Every line below is to be given again precisely; images are to be left out.

== COLLECTED DATA

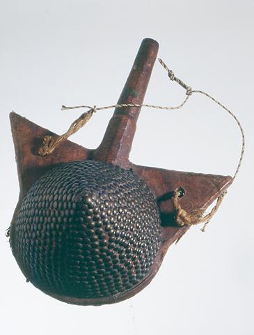 Puinen nahalla päällystetty ruutisäiliö, jossa on poikittain kartion muotoinen maha ja pitkä kapea kaula. Puulevystä tehty kartion pohja haarautuu ylhäällä kaulan molemmin puolin kolmiomaisiksi ulokkeiksi, ikään kuin sarviksi, joihin on sidottu kantonaru. Siihen on mustalla värillä - nyt jo haalistunut - maalattu yksinkertainen kahdeksansakarainen ristikuvio ympyrän sisälle. Toiselle puolelle kartioon on lyöty vieri viereen metalliniittejä. Nahka on repeytynyt useasta kohtaa, ja toinen sarvimaisista ulokkeista on haljennut.
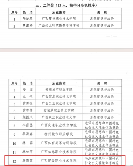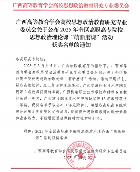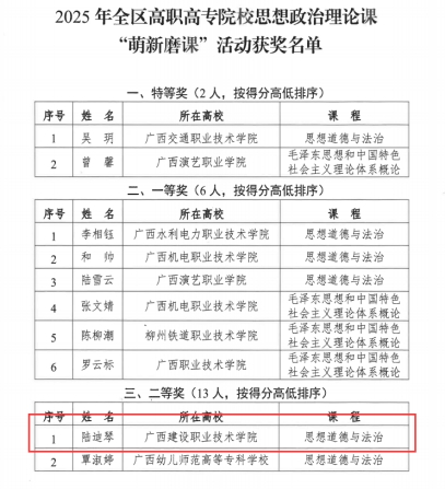 近日,2025年全区高职高专院校思想政治理论课“萌新磨课”活动获奖名单公布,乐鱼全球最大体育平台_乐鱼(中国)思政课教师陆迪琴、唐海莲荣获二等奖。
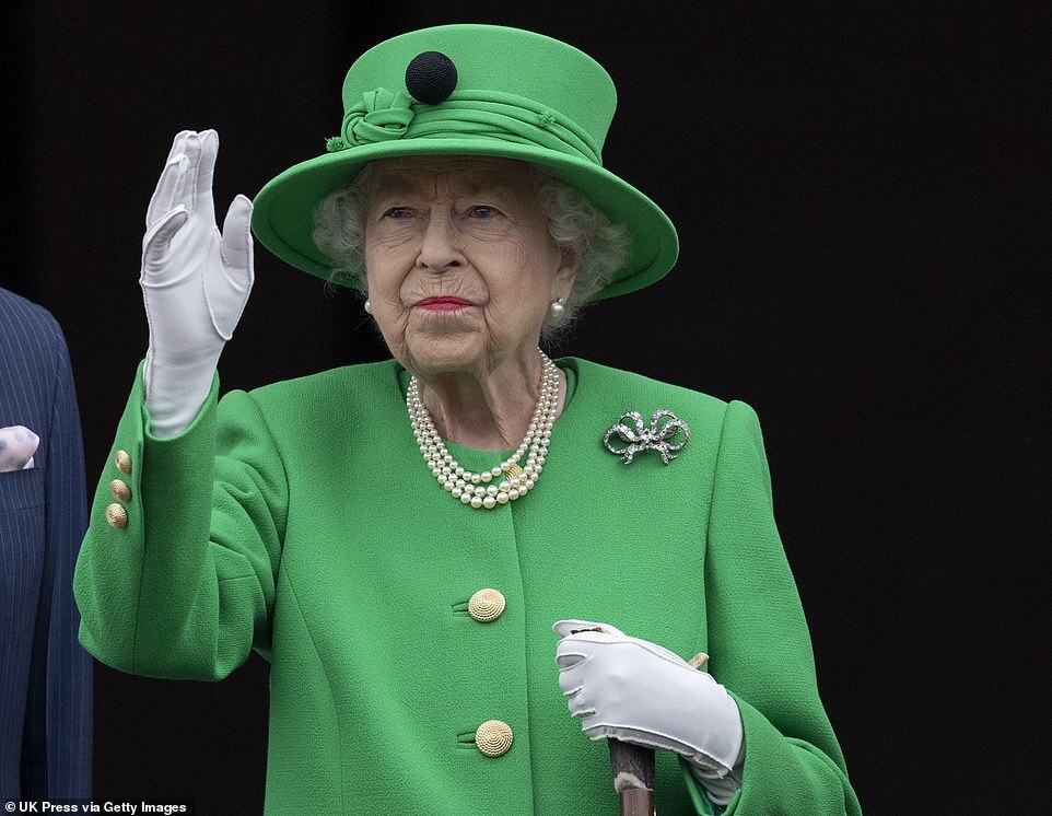 Her Majesty stands on the Buckingham Palace balcony on the final day of her Platinum Jubilee celebrations in early June
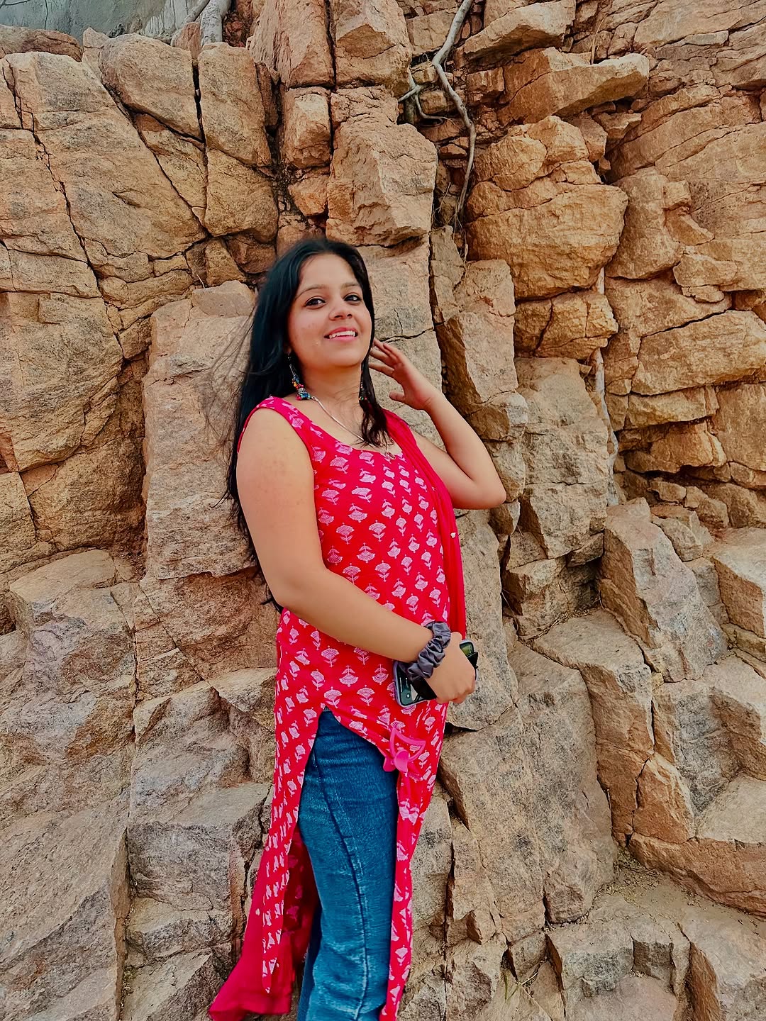 Rocks behind, grace ahead✨🌺 #graceinthewild #RawBackdropRealBeauty #RockTheLook #NaturalVibes #EleganceInFrame #DesiVibes #OutdoorAesthetic #SlayingSimple #UnfilteredBeauty #InstaGrace #RusticBackdrop #BoldYetBeautiful #rocksolidvibes

====

• YOUR SOLUTION:
 Puinen nahalla päällystetty ruutisäiliö, jossa on poikittain kartion muotoinen maha ja pitkä kapea kaula. Puulevystä tehty kartion pohja haarautuu ylhäällä kaulan molemmin puolin kolmiomaisiksi ulokkeiksi, ikään kuin sarviksi, joihin on sidottu kantonaru. Siihen on mustalla värillä - nyt jo haalistunut - maalattu yksinkertainen kahdeksansakarainen ristikuvio ympyrän sisälle. Toiselle puolelle kartioon on lyöty vieri viereen metalliniittejä. Nahka on repeytynyt useasta kohtaa, ja toinen sarvimaisista ulokkeista on haljennut.
 近日,2025年全区高职高专院校思想政治理论课“萌新磨课”活动获奖名单公布,乐鱼全球最大体育平台_乐鱼(中国)思政课教师陆迪琴、唐海莲荣获二等奖。
 Her Majesty stands on the Buckingham Palace balcony on the final day of her Platinum Jubilee celebrations in early June
 Rocks behind, grace ahead✨🌺 #graceinthewild #RawBackdropRealBeauty #RockTheLook #NaturalVibes #EleganceInFrame #DesiVibes #OutdoorAesthetic #SlayingSimple #UnfilteredBeauty #InstaGrace #RusticBackdrop #BoldYetBeautiful #rocksolidvibes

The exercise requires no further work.